American navigation satellite used for GPS

USA-166, also known as GPS IIR-8 and GPS SVN-56, is an American navigation satellite which forms part of the Global Positioning System. It was the eighth Block IIR GPS satellite to be launched, out of thirteen in the original configuration, and twenty one overall. It was built by Lockheed Martin, using the AS-4000 satellite bus.

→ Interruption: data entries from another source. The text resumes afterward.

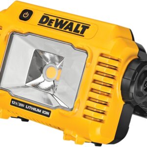 DEWALT Cordless Compact Task Light, Battery Type: Lithium-Ion, Battery Voltage: 12/20 V, Battery Capacity: 4 Ah, Lamp Type: LED, Lumens: 2000 Lumens, IP Rating: IP54, Tripod Mounting, Plastic, Black/Yellow, Dimensions: 9.6 in L x 4.8 in W x 7.4 in HItem Specifications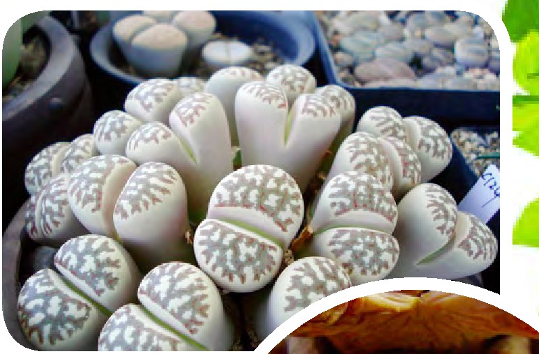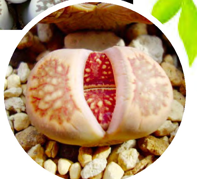 生石花又名石头玉,原产于非洲南部,是多年生小型多肉植物。三四年生的生石花秋季从对生叶的中间缝隙中开出黄、白、粉等多色花朵,多在下午开放,傍晚闭合,次日午后又开。因形似石头、色彩斑斓,成为很受欢迎的观赏植物,被誉为“有生命的石头”。
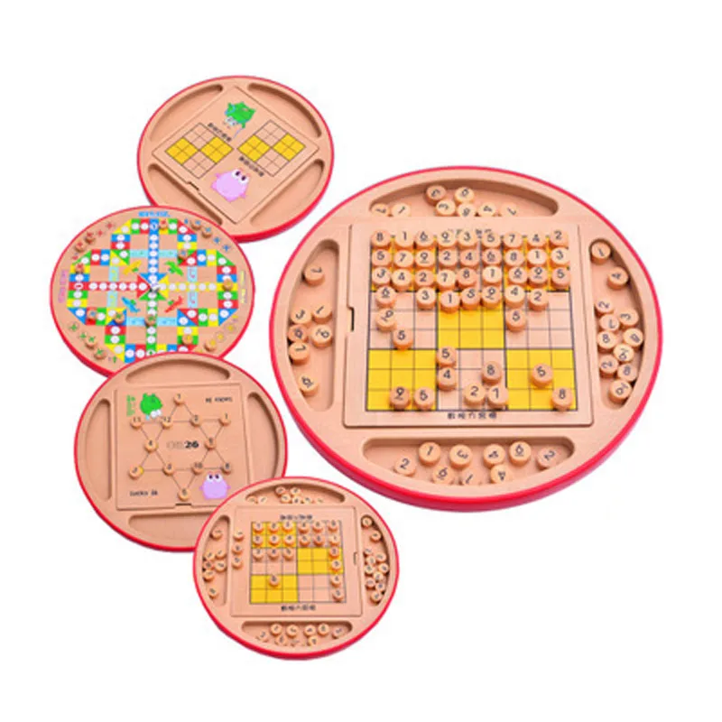 Children's parent-child interactive game wooden flying chess multifunctional Sudoku Jiugongge early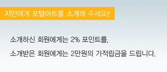 지인에게 포털아트를 소개하시면 소개한 회원에게 2% 포인트를, 소개받은 회원에게 2만원의 가적립금을 드립니다.

USA-166 was launched at 18:06:00 UTC on 29 January 2003, atop a Delta II carrier rocket, flight number D295, flying in the 7925-9.5 configuration. The XSS-10 satellite was carried as a secondary payload on the same rocket, but was deployed from the second stage of the three-stage rocket. The launch took place from Space Launch Complex 17B at the Cape Canaveral Air Force Station, and placed USA-166 into a transfer orbit. The satellite raised itself into medium Earth orbit using a Star-37FM apogee motor.

By 1 February 2003, USA-166 was in an orbit with a perigee of 20155 km, an apogee of 20344 km, a period of 720.7 minutes, and 55 degrees of inclination to the equator. It is used to broadcast the PRN 16 signal, and operates in slot 1 of plane B of the GPS constellation. The satellite has a mass of 2032 kg, and a design life of 10 years. As of 2012 it remains in service.